Завершаем в стиле «рондо», все-таки вспоминая про начальную дилемму «структура — спонтанность» и решаем, что оба пути интеграции хороши: сначала четкая временная и целевая структура, а потом спонтанное действие или, наоборот, сначала спонтанное следование процессу, а потом целевое и временное подструктурирование. Структура и спонтанность в диалектическом взаимосплетении.

После обеда едем на экскурсии… Автобус тихонько катится по улочкам Вены. Затем попадаем в леопольдовский квартал, куда были выселены евреи, и где некоторое время жил Морено. Перебираемся через канал Дуная и подъезжаем к знаменитому Аугартенпарку, где по психотерапевтическим легендам Морено играл с детьми, спонтанно разыгрывая их любимые сюжеты…

Вид романтического парка, правда, сильно подкрямзывает уродливая гигантская бетонная башня, которую строили молодые солдаты как оплот против бомбардировок советских самолетов во время второй мировой… Австриец Микаел Визер пытается «подружить» благодарность советской армии с нежностью к молодым немцам и австрийцам, строившим и оборонявшим родной город… Склеивается непросто…

Но вот мы выходим из регулярного французского парка с ровно подстриженными каштанами, уже выбросившими свои свечки… Нас проводят через «рабочую калитку» («только для вас» — комментирует нашу эксклюзивность двухметровый экскурсовод: эта часть парка не для посетителей…). И вот мы на священном месте под «дубом вековым», где Морено разыгрывал свои первые психодраматические скетчи…

Неутомимая 62-летняя Моника Зуретти, конечно, первой берет роль Морено, подходя к цветущему яблоневому дереву и властно погружая остальных седовласых психодраматистов и психодраматисточек в роли детей… Выглядит несколько натужно, когда старушки и старички пытаются бодренько полазить по деревьям, а грузноватая бабушка-шведка, с трудом взгромоздясь на развилку яблони, пытается хрипло прокричать: «я — бабочка!» Но и по-семейному достаточно трогательно.
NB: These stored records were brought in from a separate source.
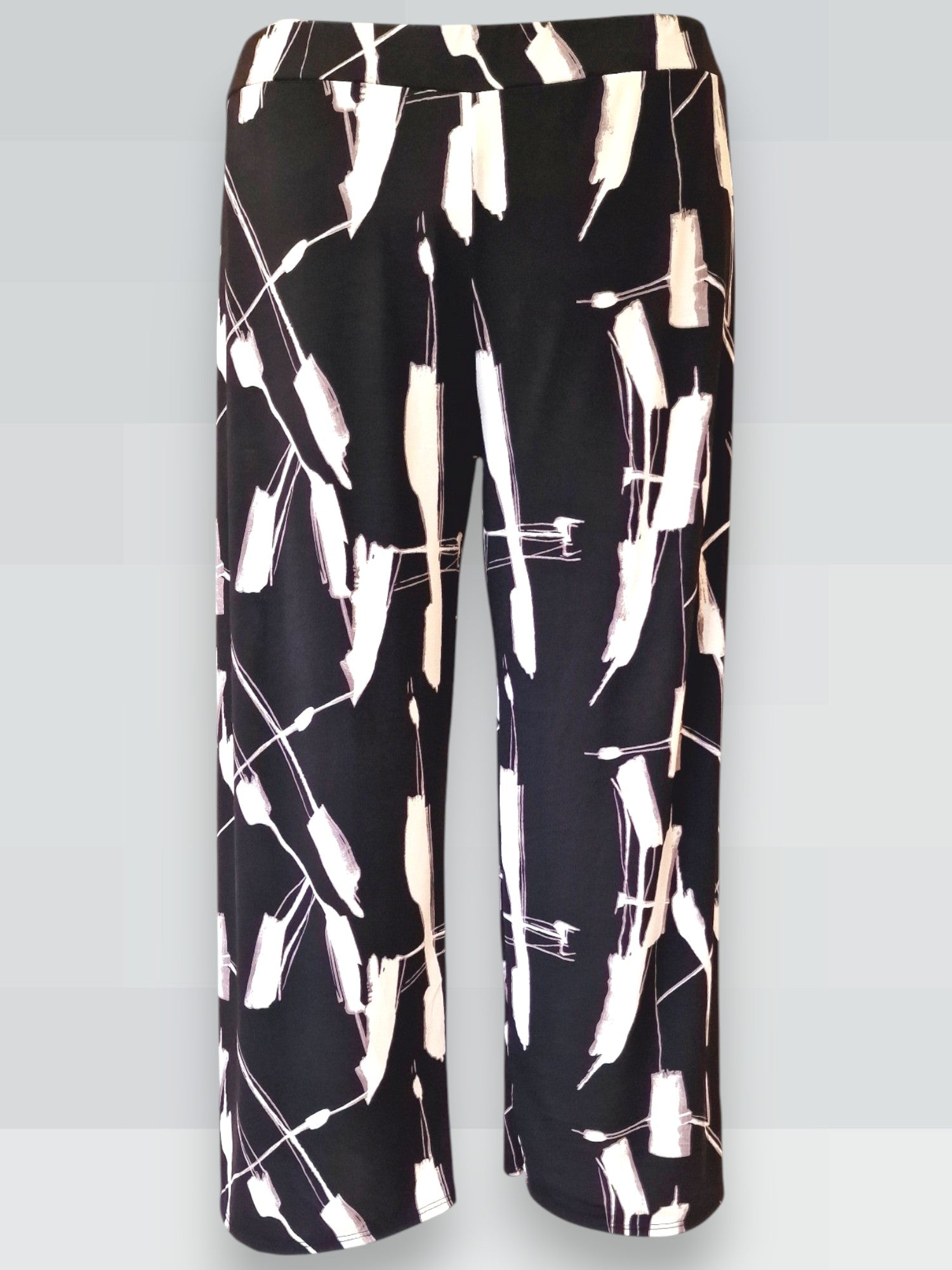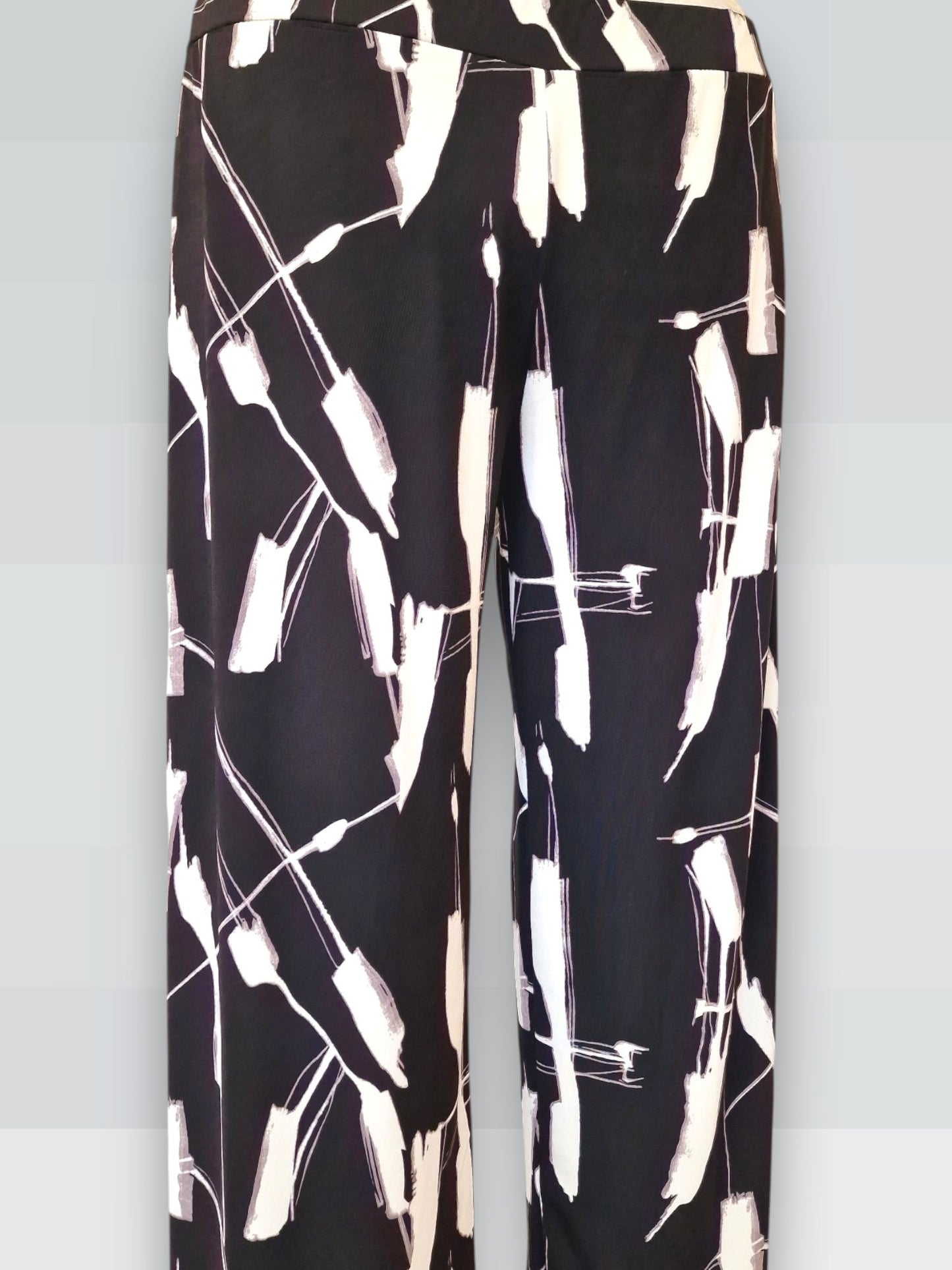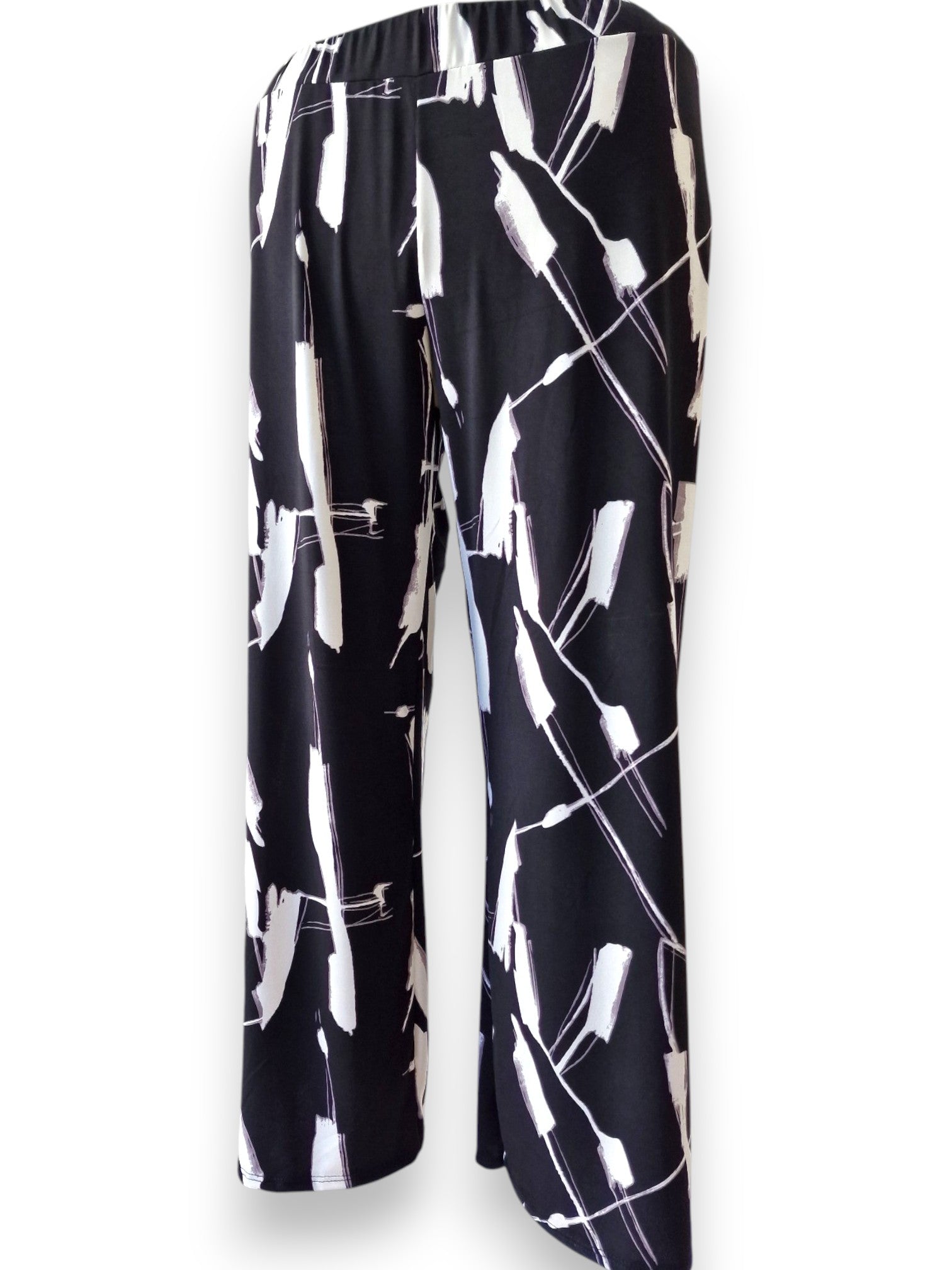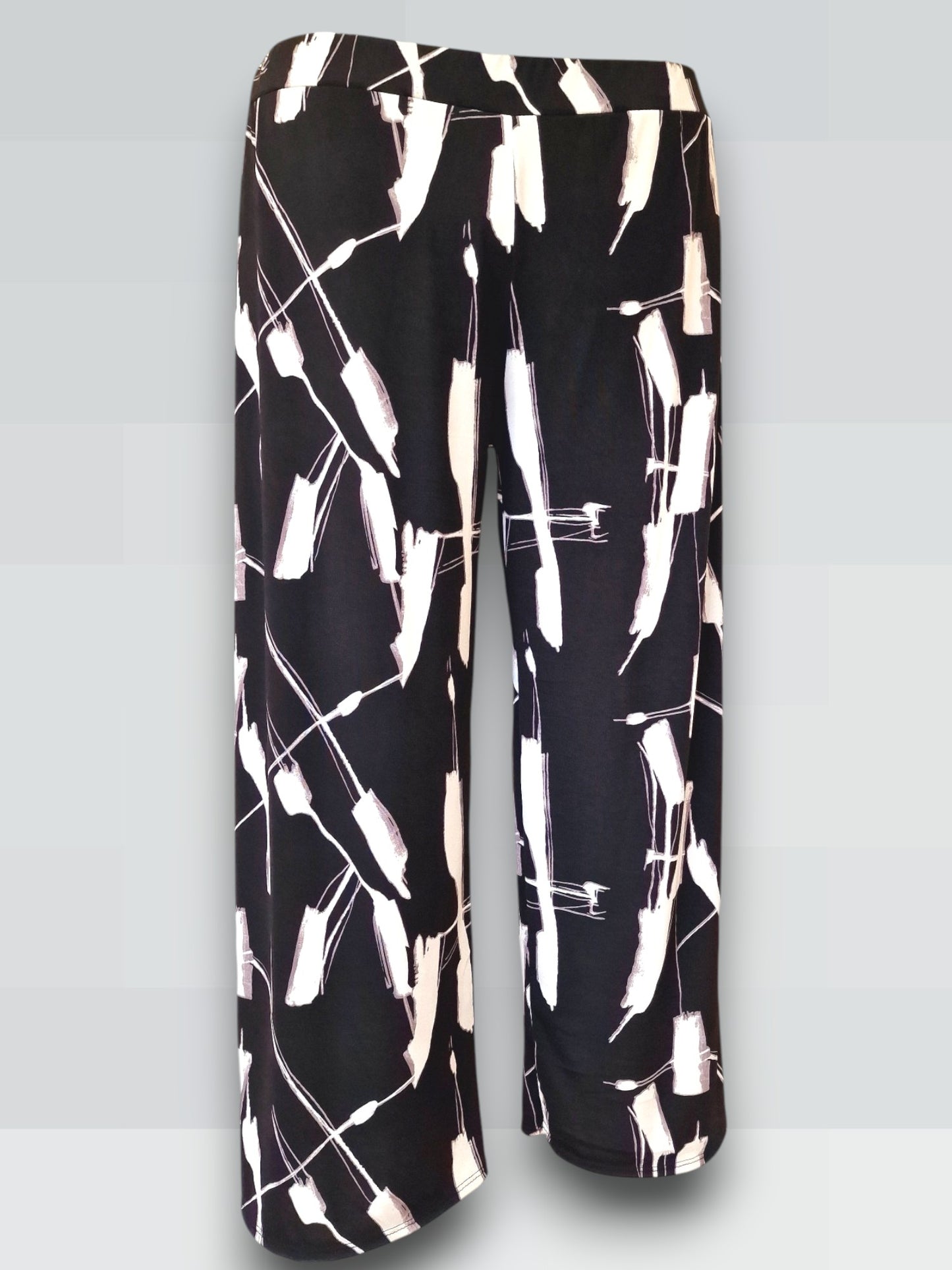 Il modello Livorno è un pantalone a vita alta in crepe di maglina elasticizzata di misto viscosa lucida Fantasia. Modello a palazzo con fascia elastica in vita. Grandissima vestibilità, taglia unica, Made in Italy, veste bene fino ad una taglia 58/60. Colore Fantasia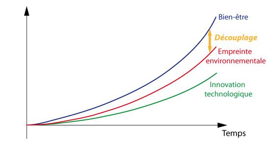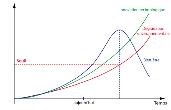 Autrement dit, les progrès considérables de la technologie semblent avoir permis de découpler au moins en partie, et pour un temps, le bien-être de la dégradation environnementale. Cette explication du paradoxe de l’environnementaliste est schématisée sur le graphique ci-dessous :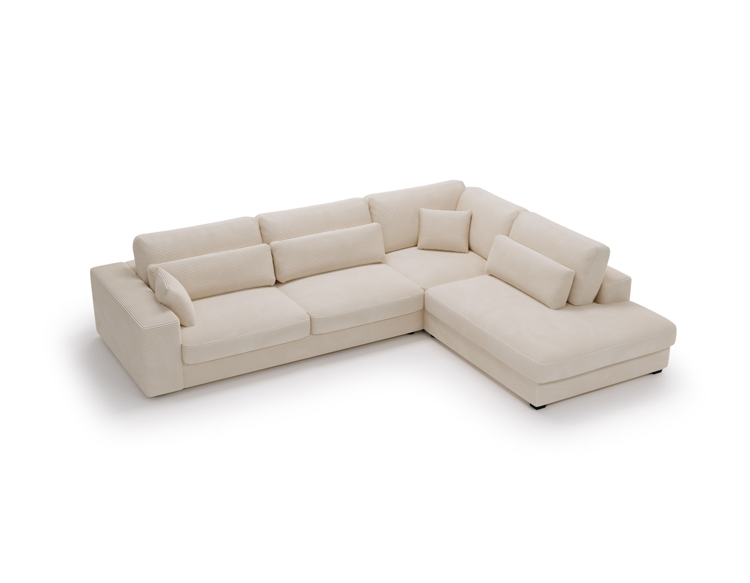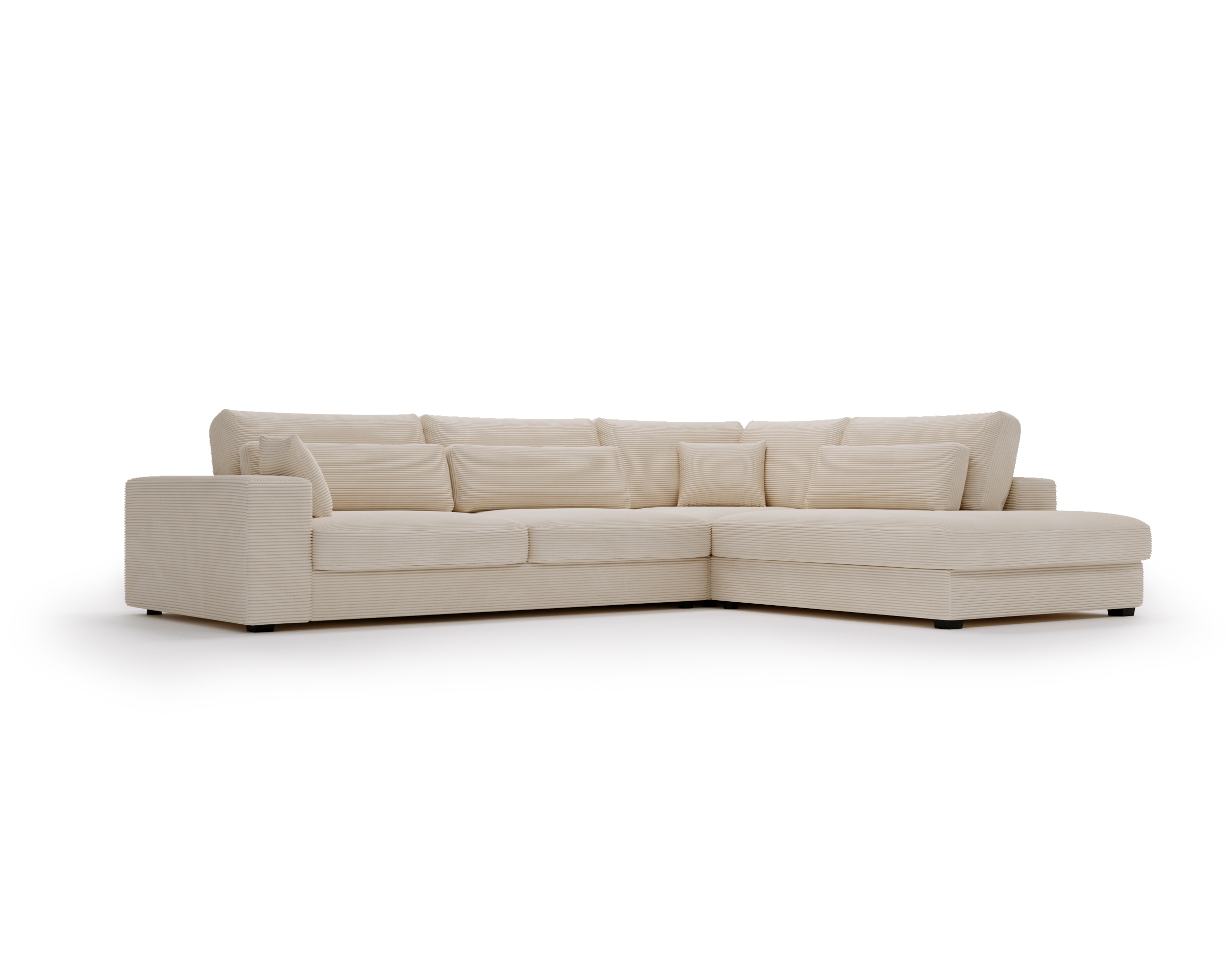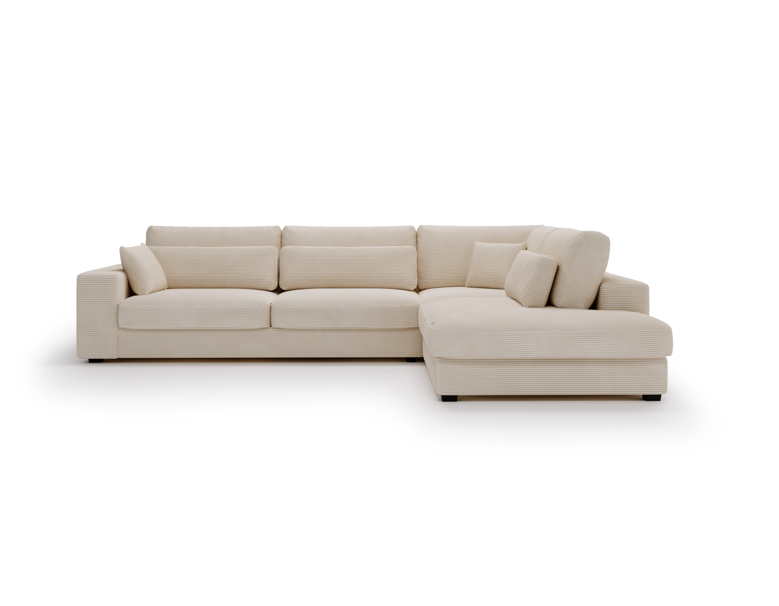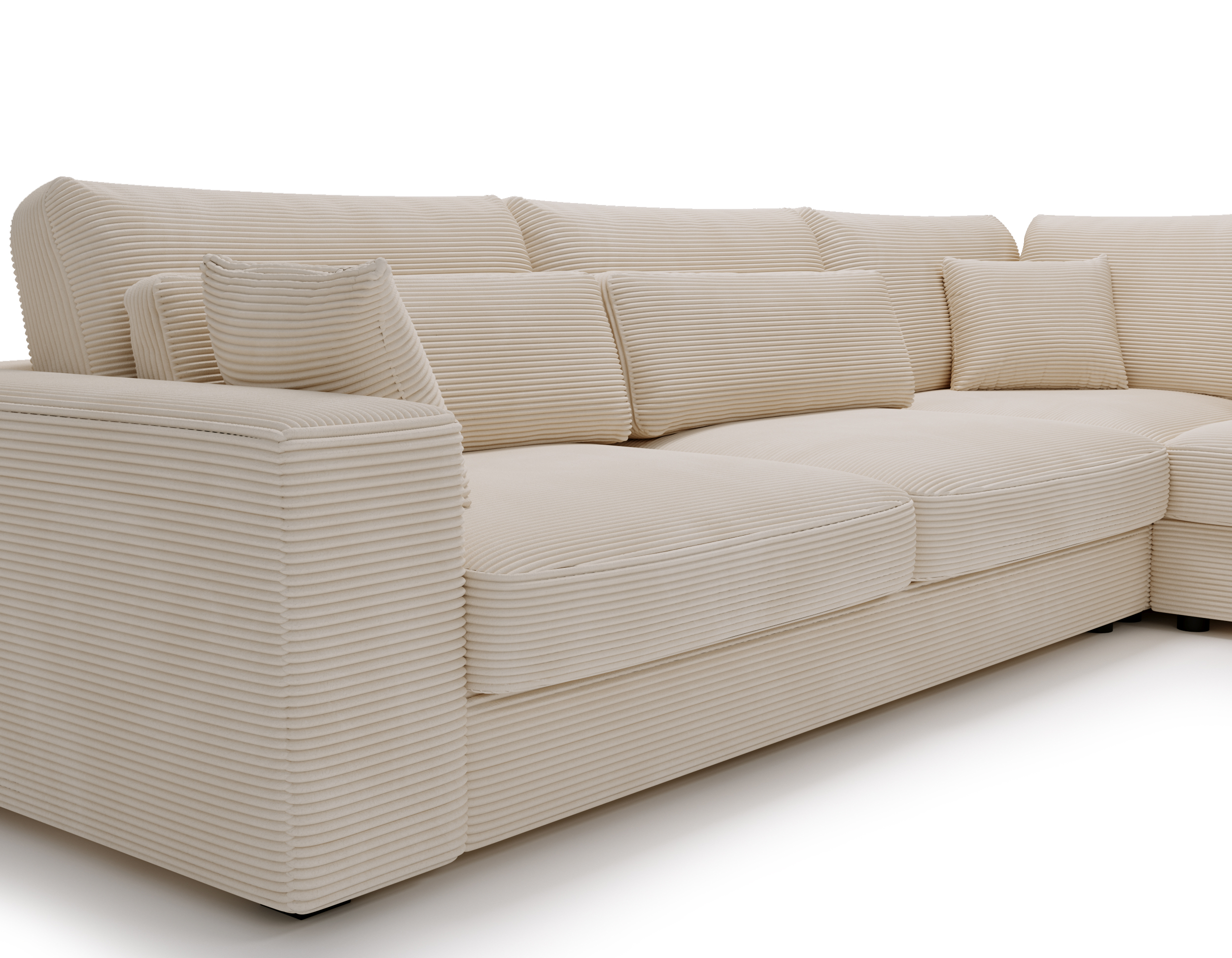 Narożnik Carmex w jasnobeżowym kolorze to propozycja dla osób, które cenią przestronne formy, nowoczesny design i wysoki komfort codziennego wypoczynku. Uniwersalny kształt litery L sprawia, że doskonale odnajdzie się w dużym salonie, tworząc reprezentacyjną i wygodną strefę relaksu.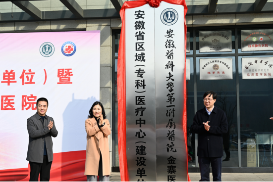 朱煜与陈旭林共同为“安徽省区域(专科)医疗中心(建设单位)”暨“安徽医科大学第一附属医院金寨医院”揭牌。

Элла Мей пытается вовлечь остальных в «детскую игру», но наша спонтанность на весеннем пронизывающем ветре выливается разве что в вальсирующие парочки… Дети так, конечно, не танцуют, но физиологически данное действо целесообразно — можно, по крайней мере, согреться… Ну в общем принцип «если бы» еще надо непросто воплощать групповому лидеру — если бы лидерами были не пользующиеся уважением заслуженные ветераны Моника и Элла, а какая-нибудь молоденькая венка, или венец (все-таки Морено в те годы был всего лишь студентом медиком!!!), то раскачаться на роль полуребенка, думаю, было бы проще…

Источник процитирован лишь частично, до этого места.